There's one thing developers are reluctant to do, even when they're eager to write good code: write tests. It's not that they don't understand their value – they understand it perfectly. It's just that once a feature is ready and working, sitting down to methodically cover it with tests is psychologically tough. Especially when the deadline was yesterday.
Mistral decided to look at this problem through the lens of AI agents and described how to build a system that takes on this work. The focus is on Rails projects – that is, applications written in Ruby on Rails, a popular web framework.
Why Tests, and Why It's More Complicated Than It Seems
Writing a test isn't just about reproducing a function's logic. A good test checks the code's behavior under various conditions: what happens with valid data, with invalid data, and in edge cases. You need to understand what the function is supposed to do, how it interacts with the rest of the system, and what dependencies it has.
Simply put, writing tests requires understanding the context. And this is precisely where AI agents become truly useful – not as an autocomplete tool, but as a system capable of reasoning about the code.
An Agent Is Not Just a Model
It's important to clarify one thing from the start: an AI agent is not the same as a language model you ask questions of in a chat. An agent is a system that can perform a sequence of actions: study the code, run commands, observe the result, adjust its behavior, and try again.
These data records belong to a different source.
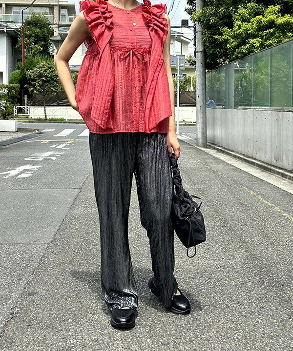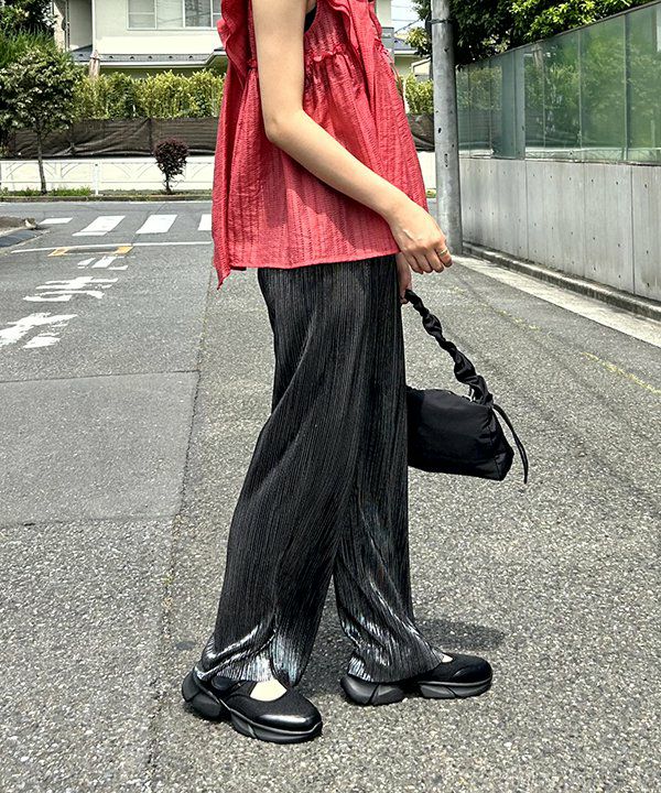 光を受けて美しく煌めくラメ入りプリーツパンツで、どんな日も特別に。軽量な素材と伸縮性のあるウエストゴムで、快適に動けるのにスタイルは抜群。動くたびに裾がゆらぎ、立体的なシルエットを演出。本当に使いやすいアイテムで、あなたの個性を引き立たせてくれます。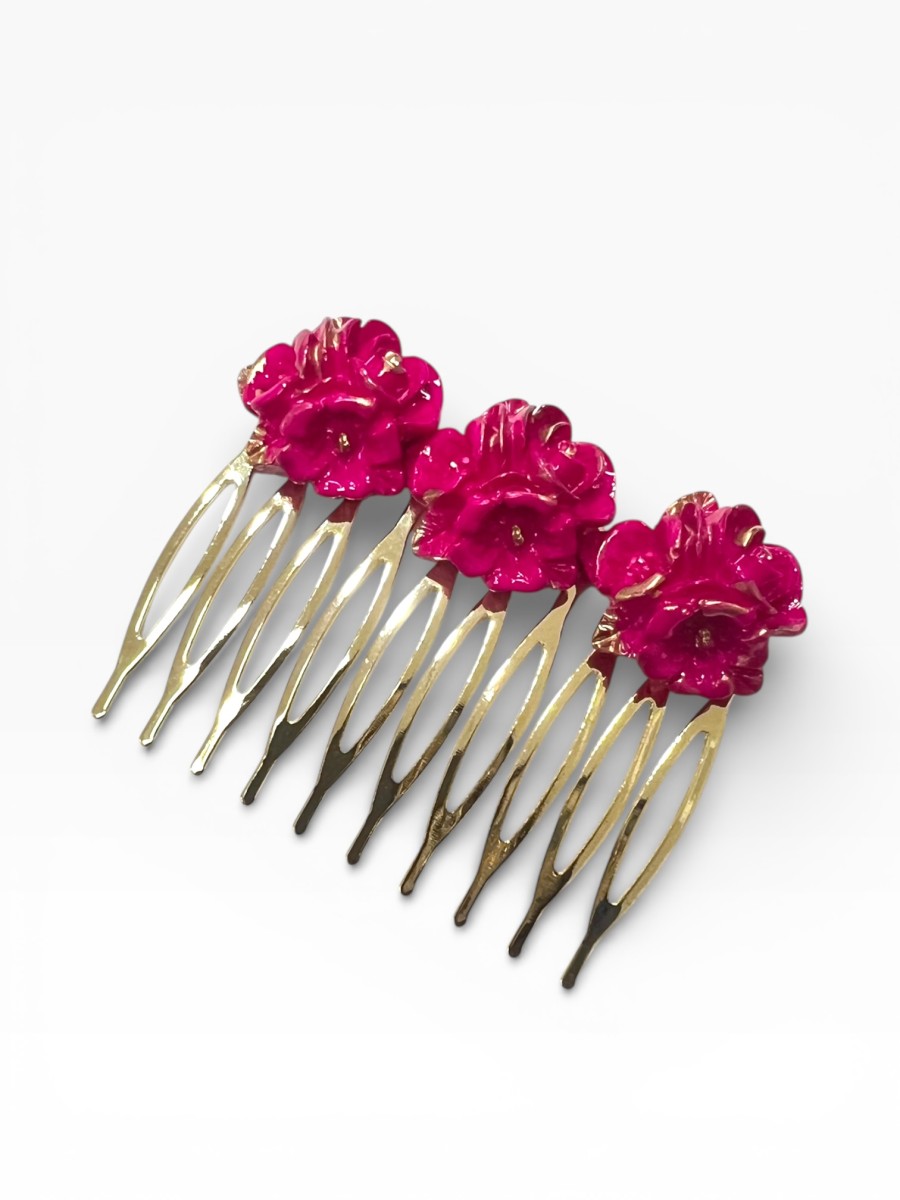 Peinecillo con flores de resina y envejecido con dorado viejo. Medidas aproximadas: 5 cm de largo por 2 cm de ancho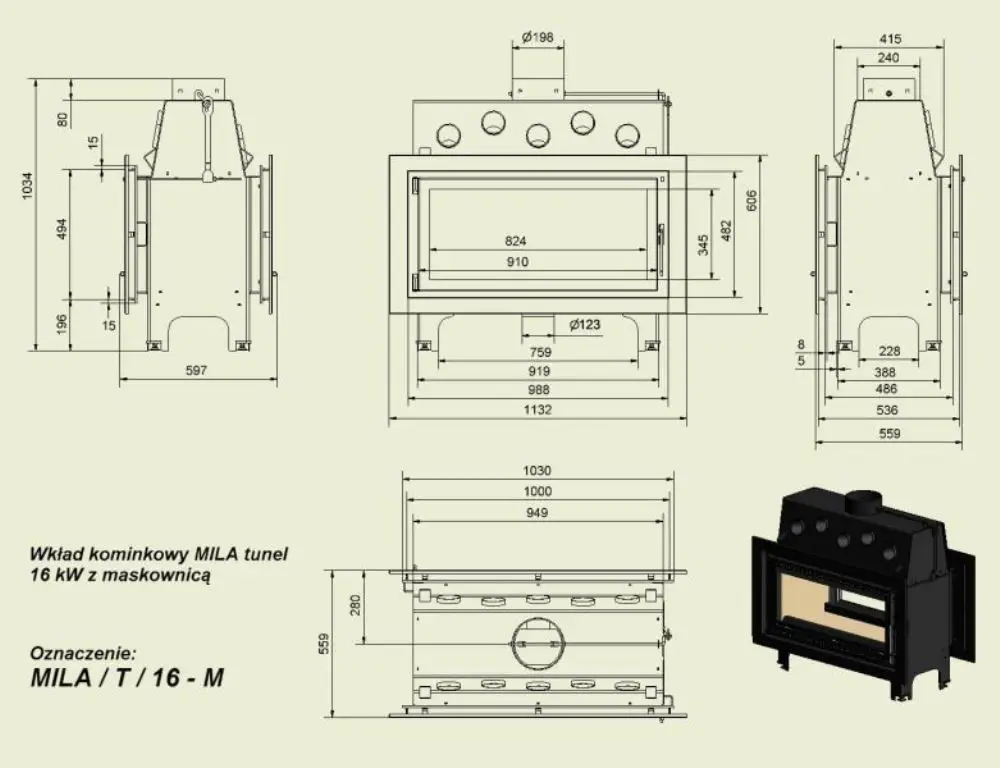 Каминная топка MILA T 16 тунельна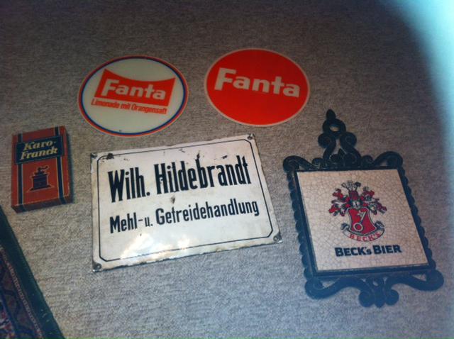 Schöne Franck Dose,zwei makellose runde Fanta Glasschilder,ein regionales Schriftschild aus Goslar und ne schwere Becks-XXL Fliese eingesammelt…
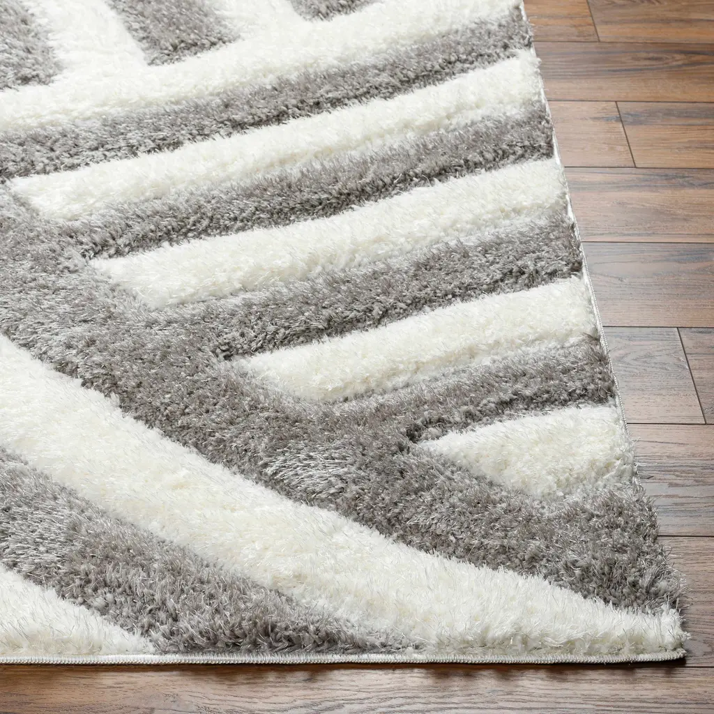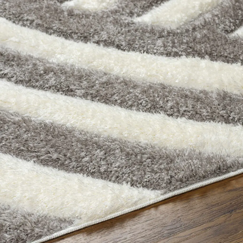 Collection: Kida Colors: Light Gray, Taupe, Gray, Medium Gray, Medium Brown Construction: Machine Woven Material: 100% Polyester Pile: Plush Pile Pile Height: 1.46" Styles: Contemporary Made In: Turkey Thickness: 1.57" Price Range: $$$$$ (Most Affordable)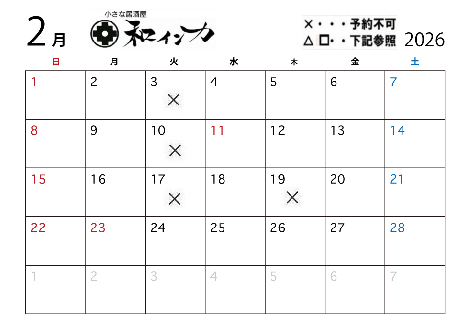 3月以降の予約状況は後日掲載します。 3月以降も電話予約は承っております。
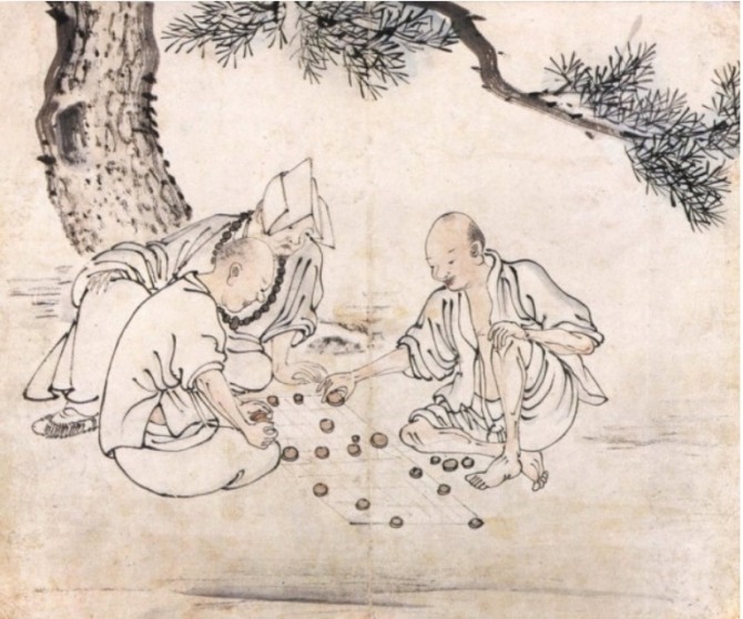우리는 옛 그림을 통해서 어느 스님이 거의 이겼는지 쉽게 짐작할 수 있다. 저고리 끈을 풀어헤치고 정강이를 다 드러내면서 만면에 미소를 짓고 있는 화면 오른쪽 스님이 거의 승기(勝氣)를 잡았음이다. 반면에 맞은편 스님은 심각한 얼굴로 반전을 짜내느라 정신을 집중하는 중이다. 다시 고깔 쓴 스님을 보자면 금방이라도 “헛, 그, 참”을 연발하는 눈빛인데 언제부터 그랬던 것일까.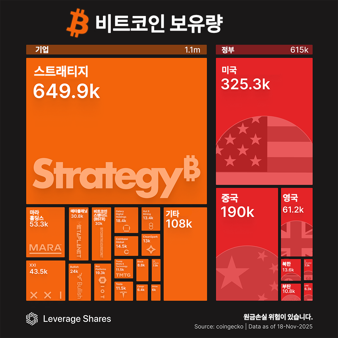 북한, 비트코인 세계 4위 보유국…스트래티지 이은 보유량 2위 기업은 '마라홀딩스' [레버리지셰어즈 인포그래픽]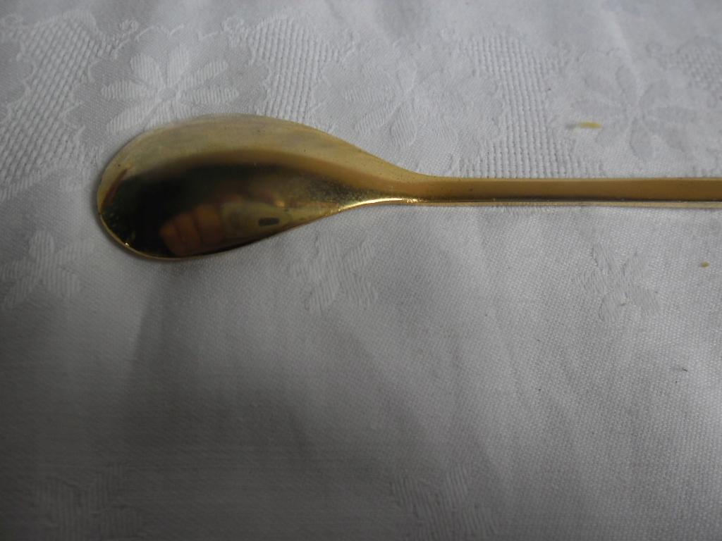 КРАСИВАЯ ПОЗОЛОЧЕННАЯ КОКТЕЙЛЬНАЯ ЛОЖКА С НАКОНЕЧНИКОМ МАХАГОНИ.ПОЗОЛОЧЕННАЯ.СОСТОЯНИЕ ОЧЕНЬ ХОРОШЕЕ. НЕБОЛЬШИЕ ЦАРАПИНЫ - ЭФФЕКТ НОРМАЛЬНОГО ИСПОЛЬЗОВАНИЯ. ДЕТАЛИ ВИДНЫ НА ФОТО.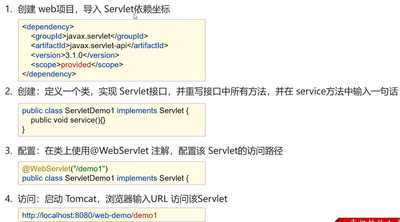 作用:每次 Servlet 被访问时,容器都会调用该方法来处理请求。

In the case of tests, this means something like this: the agent reads the existing application code, understands its structure, generates tests, runs them – and if something goes wrong, it tries to figure out why and fix the situation. It's a cycle, not a one-off response.
This is precisely the architecture that Mistral describes in its article. At its core is the Mistral Small 3.1 model, which manages this process: it analyzes the codebase, decides what tests are needed, generates them, and interacts with the environment through a set of tools.
How the Agent «Sees» a Project
One of the non-trivial tasks here is to give the agent enough context about the project so that the tests are meaningful, not just formal. Rails applications are structured according to certain conventions: models, controllers, routes, and relationships between database tables. The agent must be able to navigate all of this.
To do this, the system uses a set of tools: it can read project files, study the database schema, look at the application's routes, and analyze existing tests – if there are any. In essence, the agent first «gets acquainted» with the project before it starts writing.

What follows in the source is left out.